Earlier last week, a reader e-mailed Computerworld saying he had received a message allegedly from "CustomerService@paypal.com" with the subject "PayPal Security Update." Last month, PayPal users were hit by a similar scam.
The Oct. 22 message, which arrived as an HTML e-mail replete with grammatical mistakes, was set up to mimic PayPal's Web site, and said: To confirm that you are an authorized PayPal member, authorization is needed. The New SSL 4.0 Secure Socket Layer has been updated to the PayPal servers. To be authorized, please visit https://www.paypalauthorization.com/. After completion, you will recieve[sic] and [sic] email confirmation within 24 hours of reciept [sic]. Thanks for using PayPal!, PayPal Security Team.
The Web site address listed in the e-mail took users to an official-looking site that asked for their personal information.
The reader said he was fooled into entering his user name and password, his address and half of his credit card number before he realized he had been scammed. He said he immediately changed his PayPal log-in password, removed his credit card and bank information from his PayPal profile, sent an e-mail to PayPal's customer service department and filed a complaint with the U.S. Federal Bureau of Investigation (FBI)'s Internet Fraud Complaint Center.

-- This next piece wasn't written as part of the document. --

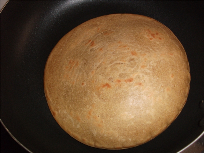 クレープより少し厚めくらいのパンケーキを作っているといつもより余計に膨らみます。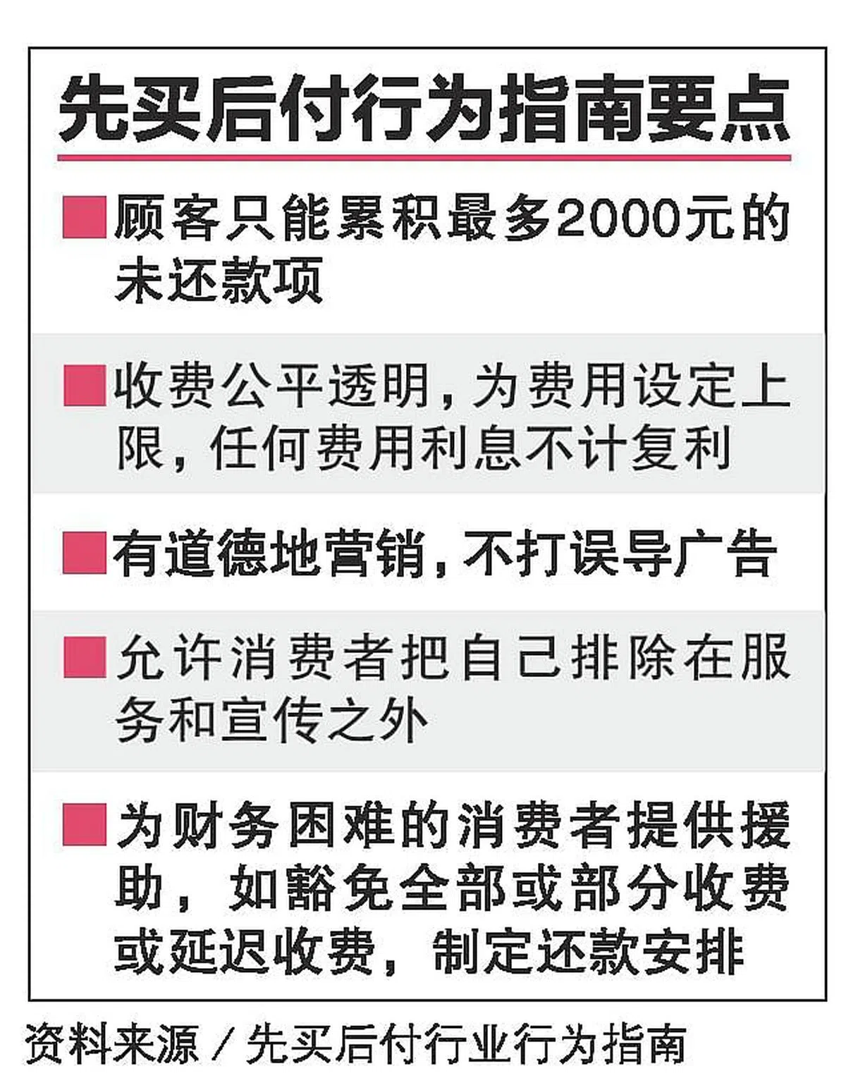 除了交易顶限,行为指南也要求先买后付业者为各种收费设上限,包括逾期违约金(late fee)等。所有费用和利息都不能计算复利。

As of late Thursday Eastern time, the spoofed PayPal site was still available. It wasn't available last Friday.
PayPal spokeswoman Julie Anderson said the company was notified of the spoof site Thursday morning, immediately contacted the Web host for the site and asked that it be removed. The company also plans to file a suspicious activity report with law enforcement officials.
Previously, Anderson had said spoof sites are very common. She said the scam artists probably got hold of a database and sent messages to thousands of people, hoping to hit some PayPal account holders.
"[These scams] happen often, and they happen often to successful Web sites like eBay, PayPal and other financial services sites," Anderson said last month. "Fortunately, we know from experience that PayPal users are for the most part savvy enough not to fall for them. But in the end, if they do, they are certainly not liable for any losses."
A "whois" search on the domain name used in this week's scam showed that it was registered on Sept. 29, 2002, to a woman in Jacksonville, Fla. However when reached for comment, the woman said she was the victim of a similar scam targeting users of Dulles, Va.-based America Online Inc. (AOL).
The woman said she had only been a member of AOL for one week when she received a message allegedly from the company saying there was a problem with the credit card information she had provided and her service would be shut off immediately if she didn't provide the number of a different credit card.
She said she complied with the request and then said she was asked to resubmit the number and expiration date of the card she originally provided. Again she complied with this request.
Shortly thereafter, the issuing banks called her because they determined there had been some suspicious activity on her card. She said that's when she realized she had been victimized.
AOL couldn't be reached for comment Friday.
Russ Cooper, a security consultant at TruSecure Corp. in Herndon, Va., said that in addition to the security center PayPay has on its site -- complete with tips for users, including a warning that they never share their PayPal password with anyone -- the company could do more to protect users.
He suggested that PayPal use digital signature technology that would allow users to determine the veracity of an e-mail purporting to be from PayPal. He also said PayPal could alert users to this technology by posting information about it on a prominent place on its site.